それはある意味、喜んでいいことなんだろうか。

「じゃぁ、僕じゃなくてもいい事になるな。」

「突然なにを言っているのかしらね。貴方はそこまで仲の良い男友達がいなかったから、そこまで拡散されにくいと思っただけだし。何より・・。」

「何より?」

「何でもないわ。しゃべることが無くなってきて、変なことを言ったわね。」

いや、最初から十分に変だと思う。変態という意味で変だ。



その後、僕は梓になんとか歌わせることに成功した。

まさか、本当に音痴だとは思わなかったが。音がずれるというか、ジャイアンとは違う意味で絶望的だった。

テンポがまず合ってない。その絶望的に合ってない歌は、そもそも歌にすらなっていないのだった。

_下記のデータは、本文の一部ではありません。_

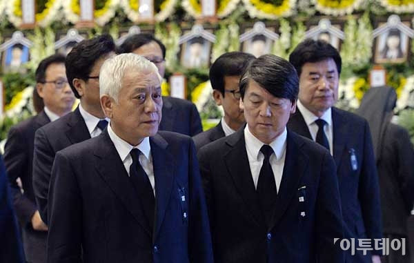 새정치민주연합 김한길(왼쪽), 안철수 공동대표가 23일 오후 경기도 안산올림픽기념관 실내체육관에 마련된 '세월호 사고 희생자 임시합동분향소'를 찾아 조문을 한 뒤 분향소를 나오고 있다. 최유진 기자 strongman55@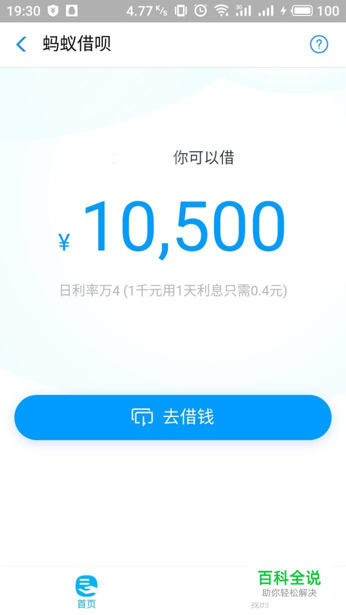 进入蚂蚁借呗界面,查看个人额度,点击“去借钱”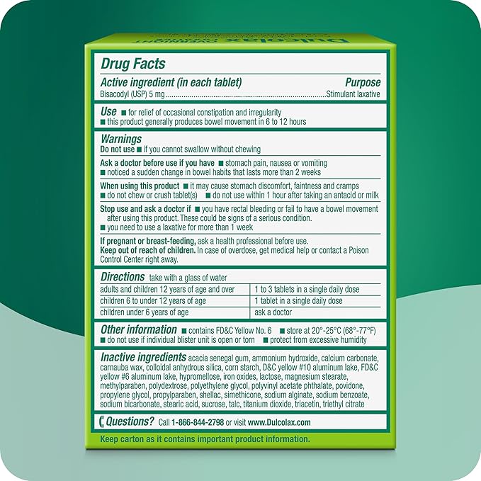 - Includes: One (1) 50-count box of Dulcolax stimulant laxative comfort-coated tablets

ジャイアンとか、一線越えればある意味デスボイスに聞こえるからな。

「さて。どうしましょうか。」

「疲れた・・。」

テンポがズレまくるという意味での音痴を修復する方法は分からなかったため、カラオケはしばらく行かない事にした。

「もう夜だからな。妹が待っている。」

「そう。」

「えぇと。他に何かあるのか?」

「貴方は、本当は私に何かしたいことはあるんでしょう?」

「・・・・。」

「そういうのも、私は確かめたい。」

「恋愛がしてみたいのなら、最初からそう言えばいいんじゃないか。」

「本当なら、恵も巻き込んでみたかったけれど。」

だからなんでそんなに恵を巻き込みたがるんだろうか。

恵から吐きそうになったとか、もしまた教室でやったら本当に階段から叩き落とすとか言われているのに。

「お別れ、程度でいいんだな。」

「そうね。むしろ逆に恥ずかしいけれど。」

突っ込みどころの多い言動は無視したほうがいいだろう。

僕は雨の中、梓とキスをした。

確かに、梓のいう通り別の意味で恥ずかしい行為に感じたが。

梓に取っても、実際のところは前より緊張しているのかもしれない。

「また明日ね。」

そう言って、梓は自分が帰る方向へ去っていった。